This is the first time we've modified Firefox's functionality in a funnelcake build, or used aurora. What do we plan to do over the longer term with the e10s-disabled group ? Will we remove the config so they go back to the default prefs ? IIRC we don't have any experience with doing that - in theory we can remove <install_dir>/distribution/ with a special update, but we should check what is incorporated into the profile and if we need extra cleanup steps.  Will we need any messaging to those users at that time ? 

As funnelcakes are distributed as new installs, have we looked at how many downloads we get, and how long it will take to get a good sample size ?
Also, why do we need to do Funnelcake for this and not just a Telemetry Experiment?
I think I see why we would want to use Funnelcake; to compare similar cohorts who are downloading Firefox as a new install. As I understand it we can pick a locale and OS, and then offer some percentage of those new users an e10s-enabled beta 43 build. We then can compare whether non-e10s betas retain more users than e10s-enabled betas.   Would this be limited to a specific beta build? ie, are we going to offer it to beta 2 downloaders only, or keep the experiment running for beta 3 or 4 downloaders?

And, I agree with Nick, we have to consider whether we then update the e10s-enabled Funnelcake testers to non-e10s, and how the UI will let users know what's happening. I think it will be best to disable it and inform the user (thanking them, even).  
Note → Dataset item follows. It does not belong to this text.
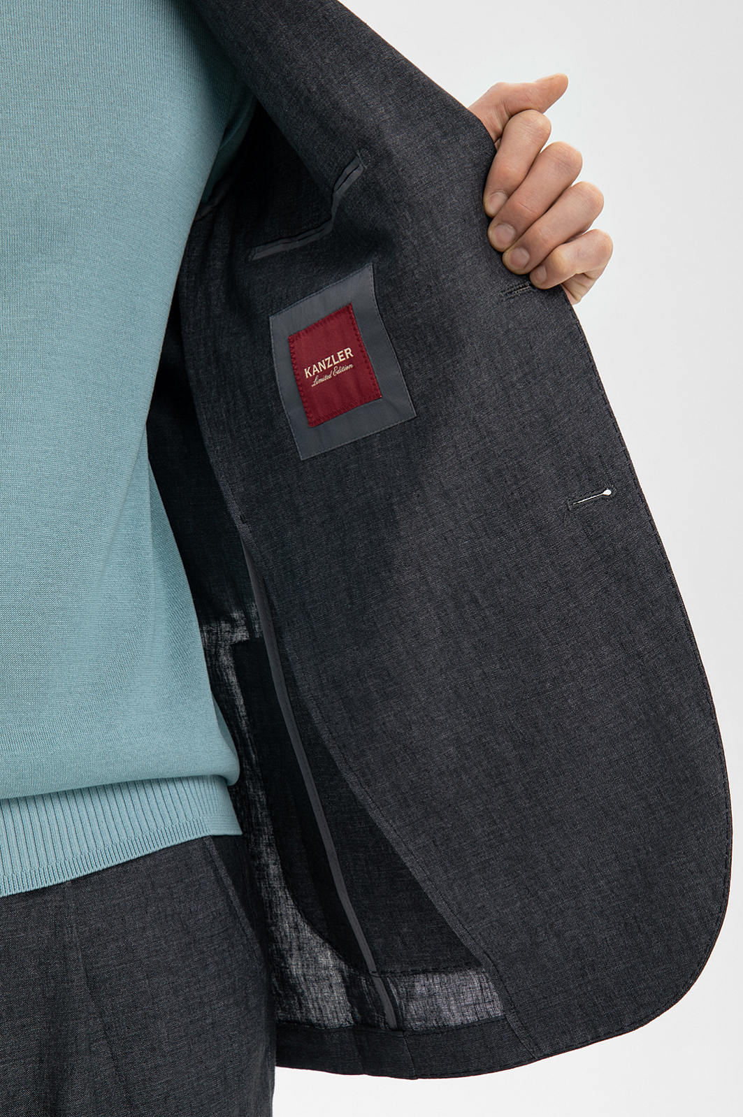 Роскошный темно-серый костюм KANZLER из лимитированной коллекции сочетает современные черты и высшую степень безупречного утонченного стиля, проверенного временем. Он сшит из дорогой льняной ткани, которую производит итальянская фамильная мануфактура Vitale Barberis, основанная более 360 лет назад. Облегченный пиджак прилегающего кроя с накладными карманами, пуговицами в тон и двумя шлицами сзади дополнен удобными умеренно свободными брюками с защипами. Красивая фактурная ткань изо льна (100%) идеально подходит для межсезонья и теплых дней. Натуральные гипоаллергенные волокна поддерживают циркуляцию воздуха и приятную для тела температуру.

Though this will stay limited to a fairly small amount of users, I'd like us to keep this also limited to very early beta, so that mid to late beta we can stay focused on shipping 43 in a stable and non-crashy of a state as possible.
(In reply to Robert Kaiser (:kairo@mozilla.com) from comment #13)
> Also, why do we need to do Funnelcake for this and not just a Telemetry
> Experiment?

Good question.

Telemetry experiments are opt-in of existing users and funnelcakes are separate new Firefox users cohort who aren't skewed by opt'ing in to an experiment. All the tests I perform with funnelcakes and changes to the product, pages, or funnels are neither opt-in or opt-out, they are just given to a specific small percentage of users who are downloading Firefox off of our websites. 

Though, if we all believe a telemetry experiment is better, we can do that. We just need to do a real A/B and control for all variables so that we can analyze retention.

Should I be able to segment FHR payloads by people who have a specific telemetry experiment enabled? Funnelcakes change the channel and build ID so that I can then bucket users cleanly to measure retention.
(In reply to Liz Henry (:lizzard) (needinfo? me) from comment #14)
> I think I see why we would want to use Funnelcake; to compare similar
> cohorts who are downloading Firefox as a new install. As I understand it we
> can pick a locale and OS, and then offer some percentage of those new users
> an e10s-enabled beta 43 build. We then can compare whether non-e10s betas
> retain more users than e10s-enabled betas.   Would this be limited to a
> specific beta build? ie, are we going to offer it to beta 2 downloaders
> only, or keep the experiment running for beta 3 or 4 downloaders?

Yeah, all funnecakes need to be created from a specific version (including sub versions), OS and language and then I can distribute them to any percentage of users on any specific web page who are attempting to download that version. Normally, we are doing these funnelcake tests on the release channel, but this will be one of first in recent times that we are doing on pre-release.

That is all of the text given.